Es ist grundsätzlich ausreichend, wenn dem Auftragnehmer zur Leistungserbringung erforderliche Mittel zum Leistungsbeginn zur Verfügung stehen.
Das OLG Düsseldorf stellt in seinem Beschluss vom 08. 02. 2023 – Az.: Verg 17/22 – zudem fest, dass bei einer ausnahmsweise hiervon abweichenden Forderung des Auftraggebers, wonach Mittel bereits bei Angebotsabgabe vorhanden sein müssen, sich dies aus den Vergabeunterlagen mit der erforderlichen Klarheit und Eindeutigkeit ergeben muss. Siehe hierzu die Erläuterungen im Vergaberechts-Report 2023, Seite 17 f.
Bei der Aufklärung von Preisen hat der Auftraggeber einen weiten Beurteilungsspielraum.
Die 2. Vergabekammer des Bundes stellt in ihrem Beschluss vom 02. 03. 2023 – Az.: VK 2-10/23 – fest, dass der öffentliche Auftraggeber den Zuschlag auf ein Angebot ablehnen darf, wenn er die geringe Höhe des angebotenen Preises nach Prüfung nicht zufriedenstellend aufklären kann.
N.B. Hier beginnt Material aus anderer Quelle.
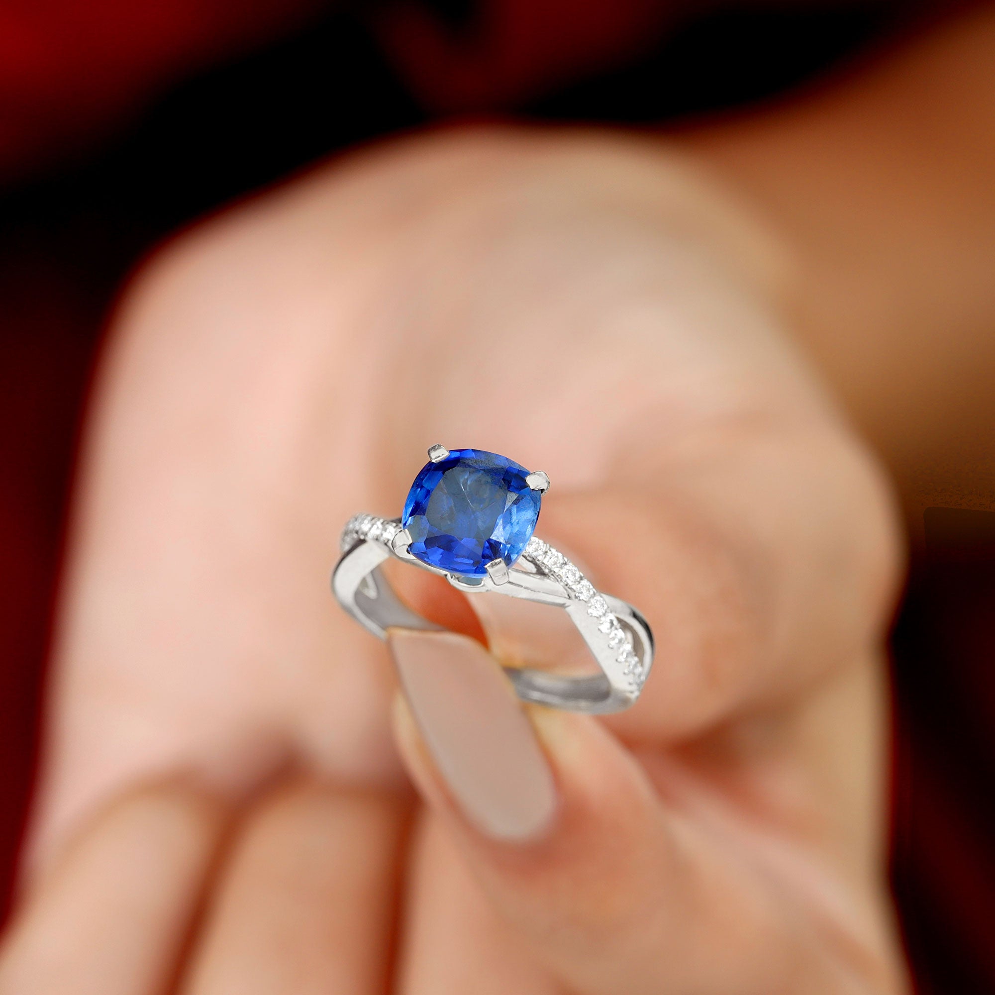 Cushion Cut Solitaire Lab Grown Blue Sapphire Infinity Engagement Ring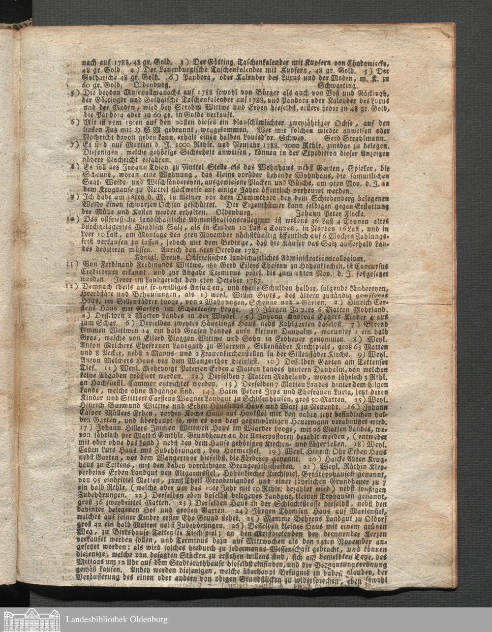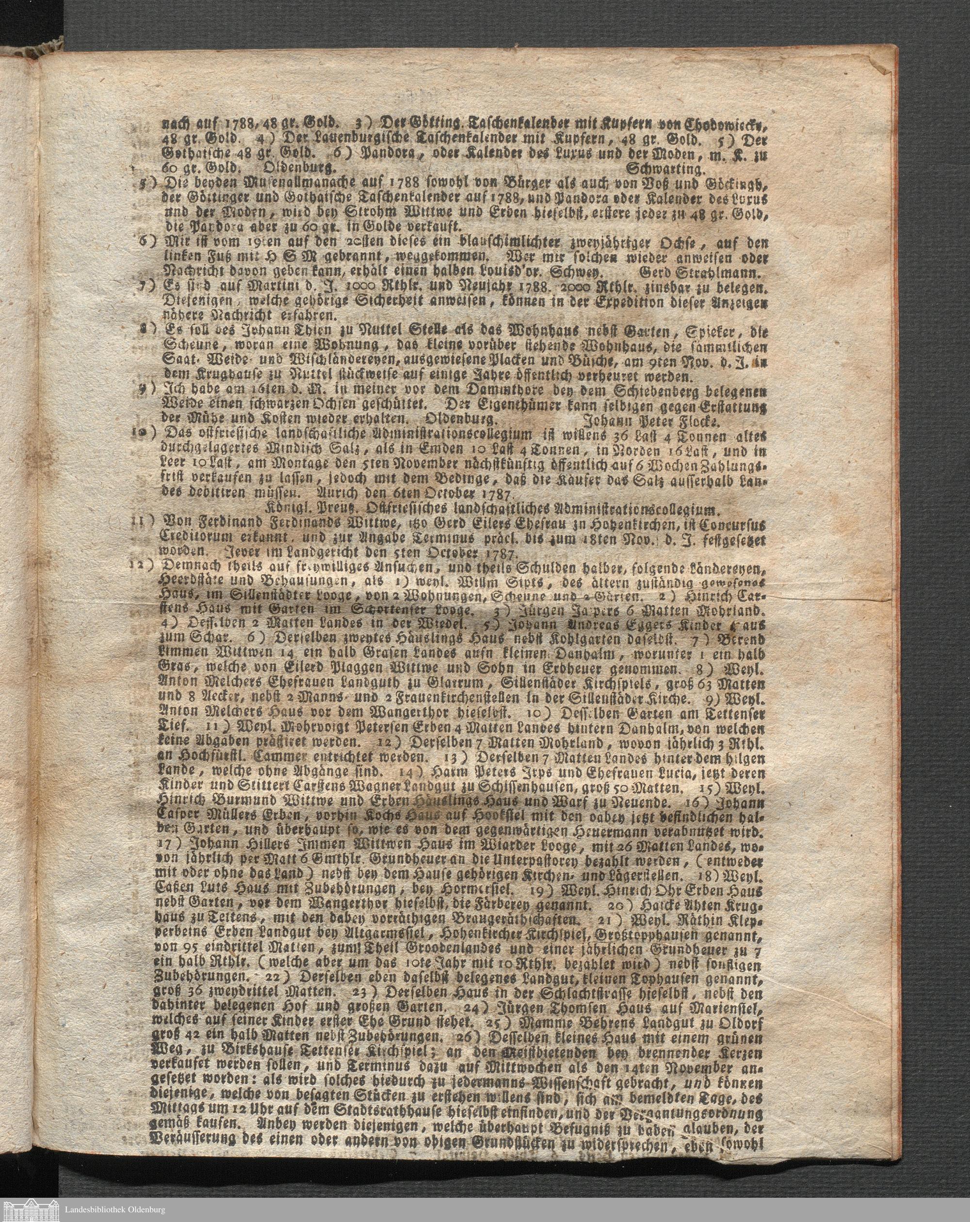 Oldenburgische wöchentliche Anzeigen. 1749-1826

Hinsichtlich der Frage, ob zufriedenstellend aufgeklärt werden konnte, hat der Auftraggeber einen Beurteilungsspielraum. Bieter dürfen trotz ihrer Kalkulationsfreiheit die Gesamtkosten nicht beliebig einzelnen Positionen des Leistungsverzeichnisses zuordnen. Sind Preise zwar eingetragen, jedoch offensichtlich unzutreffend, wird das Angebot von der Wertung ausgeschlossen. Siehe hierzu die Erläuterungen im Vergaberechts-Report 2023, Seite 13 f.